Maximize function consisting of Sum, Vectors and Signum function Edit: Thanks for edit :-)
Can I ask please, how to maximize
$$\sum ({v_3 \text{sign}({xv_1+yv_2)}})\quad\text{where}$$
(edit: sum of i in 1..1000 ... 1 to length(v1) .. 3 vectors of same length
$$\sum_{i=1}^n ({v_3[i] \text{sign}({xv_1[i]+yv_2[i])}})\quad\text{where}$$
$v1,v2,v3,\cdots\space $-vector(s) are real numbers, generated around $0\space$
[x,y=...value(s)] to find
I even don't how to partially derivate it... that signum function
I need find vales $(x,y)$. (in future I will try to use $n$ number of vectors, but solution for $2$ is best start. For one vector it's easy but for $2$ vectors - high mathematician skill required)
thanks a lot if somebody know how to solve it
 A: I don't there exists as a closed form solution of this. So there might not be a formula that expresses the optimal solution.
However you express your problem as Quadratically Constrained Linear Program.

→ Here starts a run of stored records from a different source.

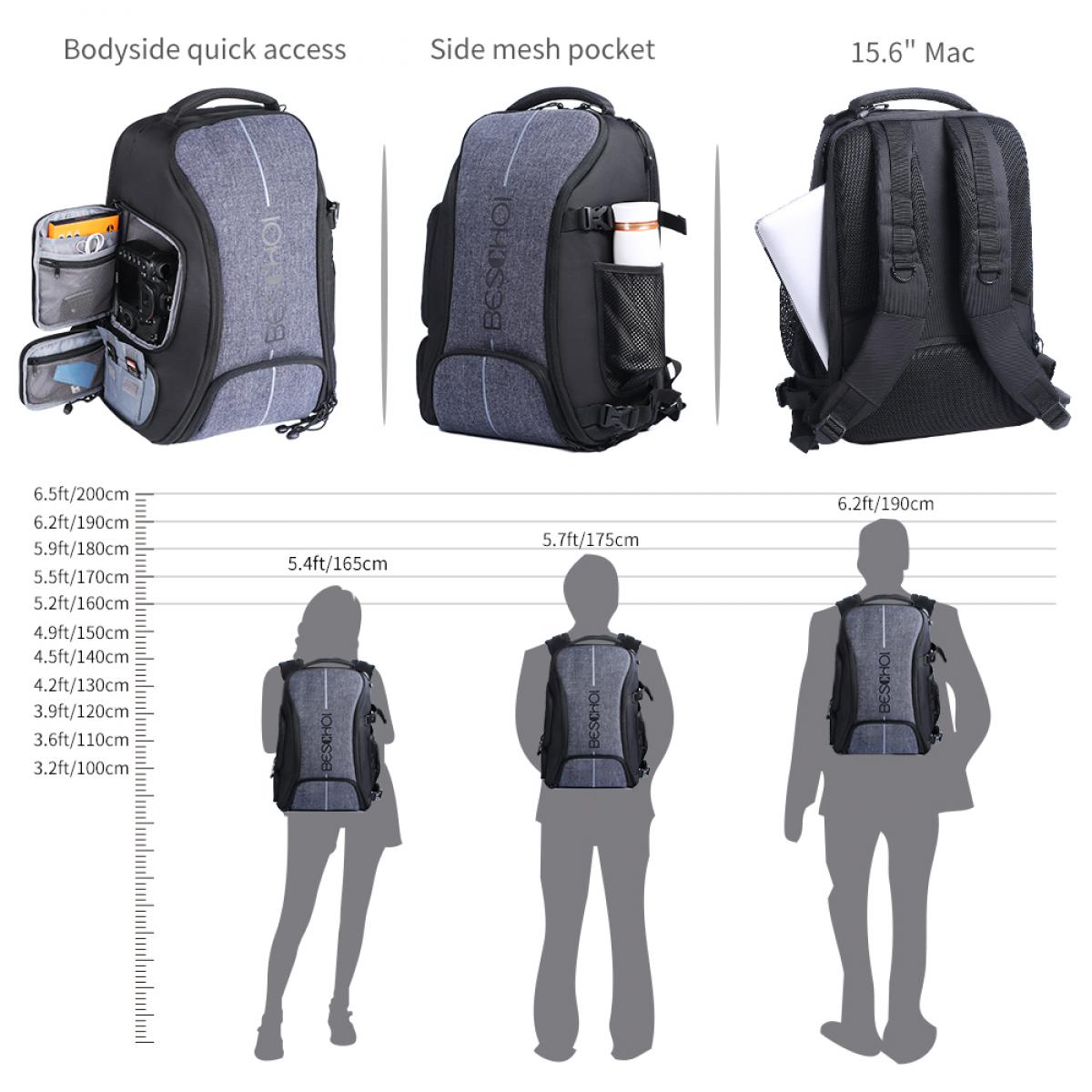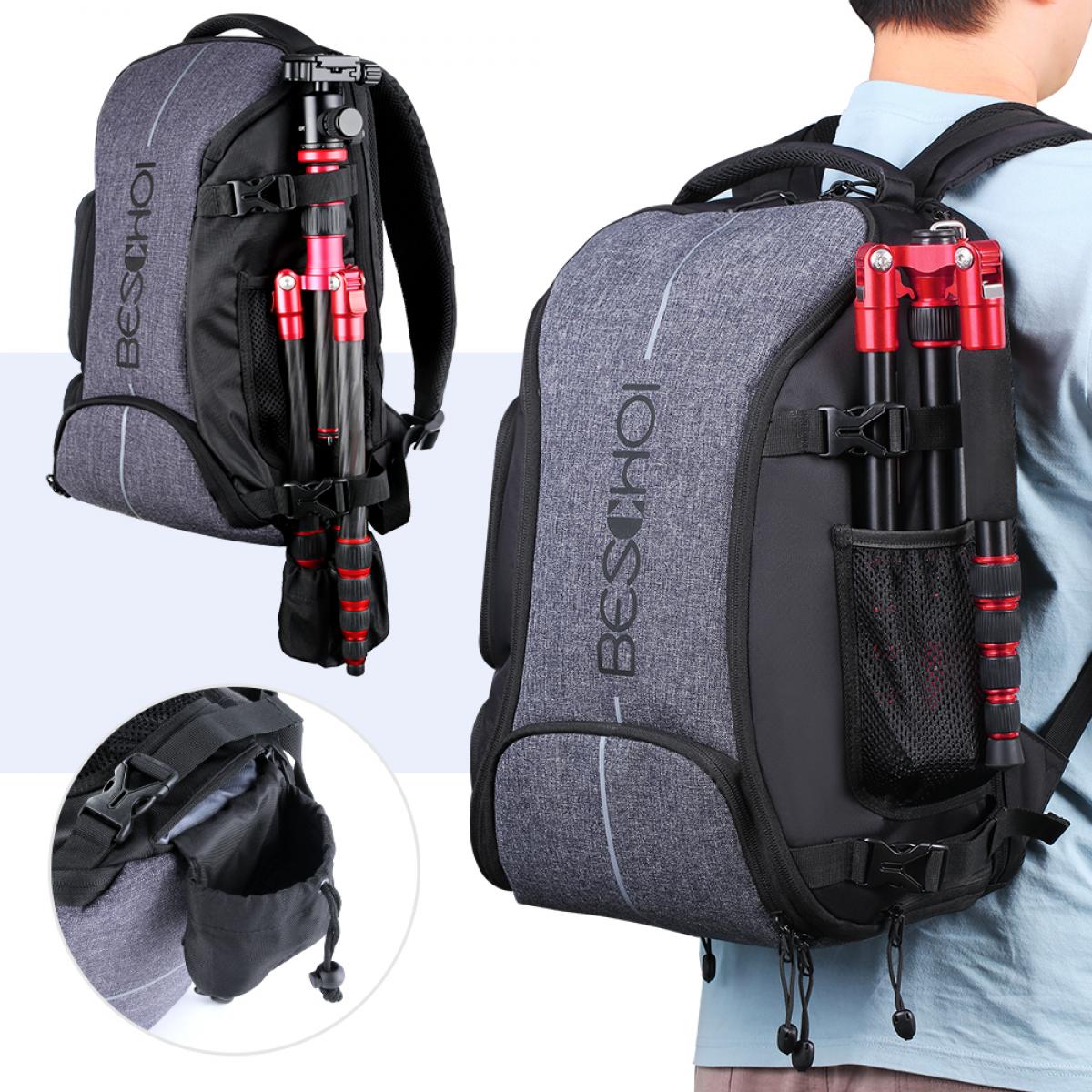 - 【Tripod holder & Rain Cover】 Contains a special side compartment with a strap and buckle to safely transport the tripod or hold water bottle ; Rain cover is on the bottom.
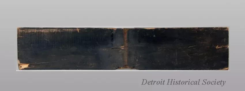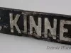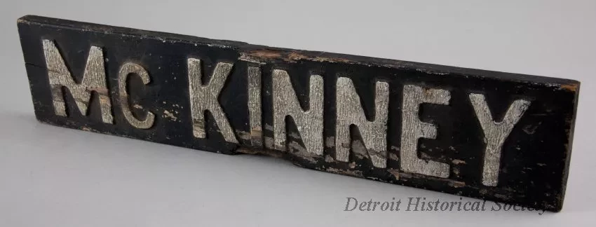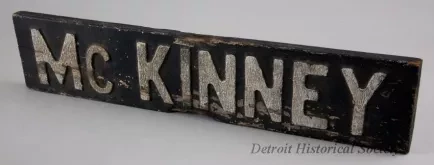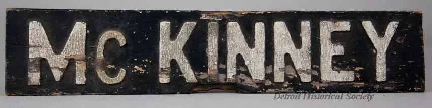 One street sign for McKinney Street in Detroit. The rectangular sign is made from a 3/4-inch thick wood plank (possibly pine wood). The wood has been painted black and has raised lettering on one side that reads "McKinney." The top surface of each letter has been painted with a reflectorized white paint.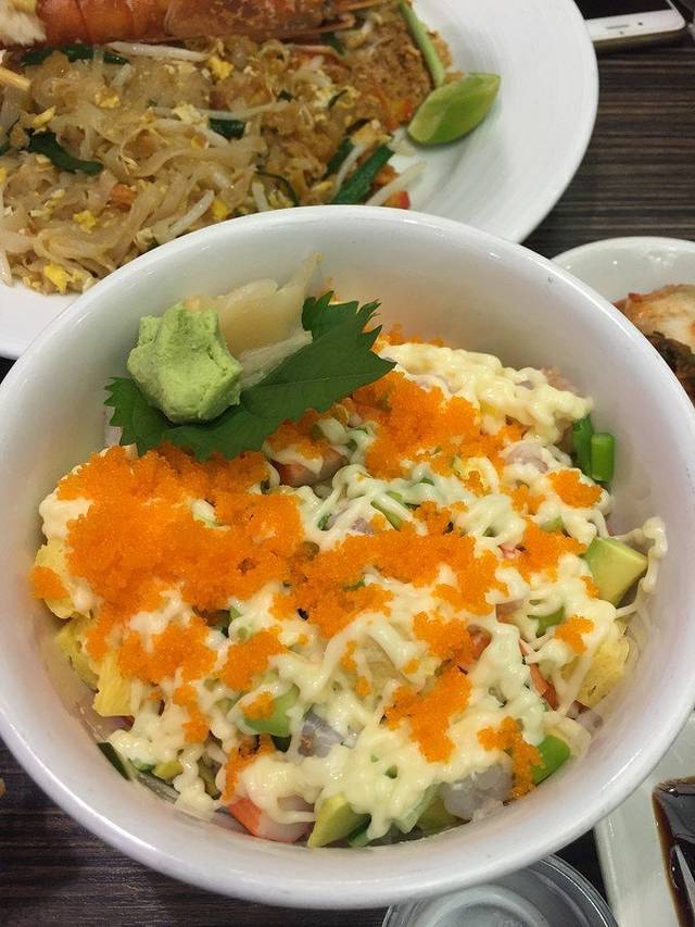 在王权免税店买了些护肤品,考虑到下午要飞去清迈,不想耗费体力去找吃的,就在王权里面解决午饭问题!虽然是一家日式料理,但是居然有卖芒果饭的,来到这个国度当然要感受一下芒果饭啦!芒果香甜,泰米有点糯,芒果配上泰国米饭很配啊!只是在这里吃其实是比较偏贵的,依稀记得是180B。后来在清迈用三分之一价格一样吃到好吃的芒果饭!这家日料食材很新鲜,让我们大满足。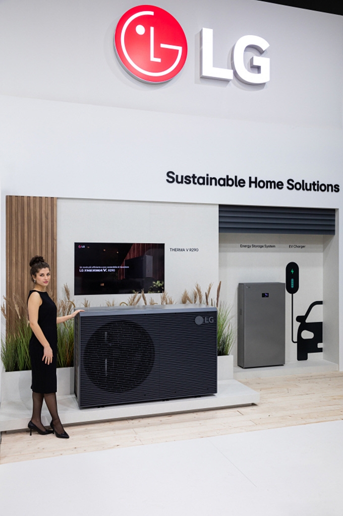 432㎡ 규모 부스를 마련한 LG전자는 MCE의 '주거용 솔루션존'에서 고효율 냉난방 공조(HVAC; heating, ventilation and air conditioning)를 앞세운 토털 에너지 솔루션 '지속가능한 집'(Sustainable Home)을 제시한다. 화석연료를 사용하지 않는 고효율 히트펌프 냉난방시스템 '써마브이 R290 모노블럭'(Therma V R290 Monobloc)은 차세대 친환경 냉매와 블랙 컬러의 고급스러운 실외기 디자인을 적용해 더욱 업그레이드됐다. 이 제품은 유럽 ErP(Energy-related Products) 에너지등급 중 가장 높은 'A+++'를 만족한다.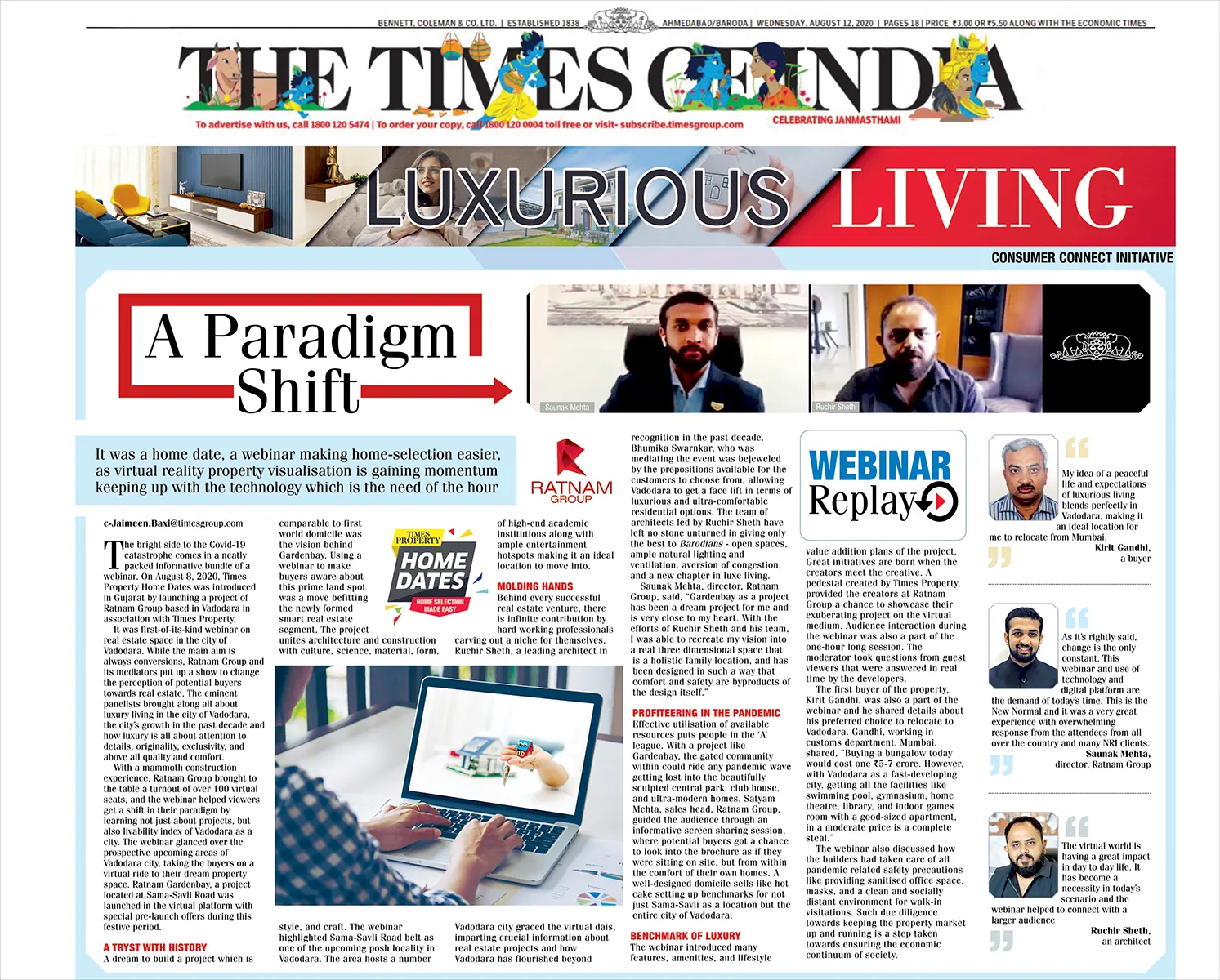 Times Real Estate Icons of Vadodara 2021 - Media Coverage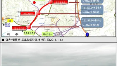 파주시 LGD 산단 교통 인프라 구축 및 통일로 교통체증 해소 -지방도 360호선 금촌~월롱 전체구간 개통- 파주시는 지방도360호선 금촌~월롱간(L=4.75km, B=20m, 왕복4차선)도로확포장공사에 총사업비 1157억원을 투입하여 2005년 01월 공사 착공,...

First we introduce a vector of dummy variables $s$ and rewrite our objective as:
$$\max \sum_i v_3[i]s[i]$$
subject to some additional constraints. We observer that $s$ has to have the same values as $\text{sign}$ term: $\forall i: \ s[i] \in \{-1,0,1\}$. This can be expressed as the constraint $s^2 = s^4$ which can be expressed as two quadratic constraints by yet another vector of dummy variables $j$. So we now got the constraints:
$$j[i] = s[i]^2$$
$$j[i]^2 = s[i]^2$$
Please observe that the value of $xv_1[i]+yv_2[i]$ is irrelvant only the sign matters, so we loose no information by constraining it's value to be $\in \{-1,0,1\}$. Using this we can formulate this constraint:
$$s[i] = x*v_1[i] + y*v_2[i]$$
The following QCLP gives you your solution:
$$\max_{s[1],...,s[n],j[1],...,j[n],x,y} \sum_{i=1}^n v_3[i]s[i]$$
subject to
$$\forall i \in \{1, ..., n\}: \ j[i] = s[i]^2$$
$$\forall i \in \{1, ..., n\}: \ j[i]^2 = s[i]^2$$
$$\forall i \in \{1, ..., n\}: \ s[i] = x*v_1[i] + y*v_2[i]$$
There is a large array of programs that can solve QCLP some of them might also be callable from R.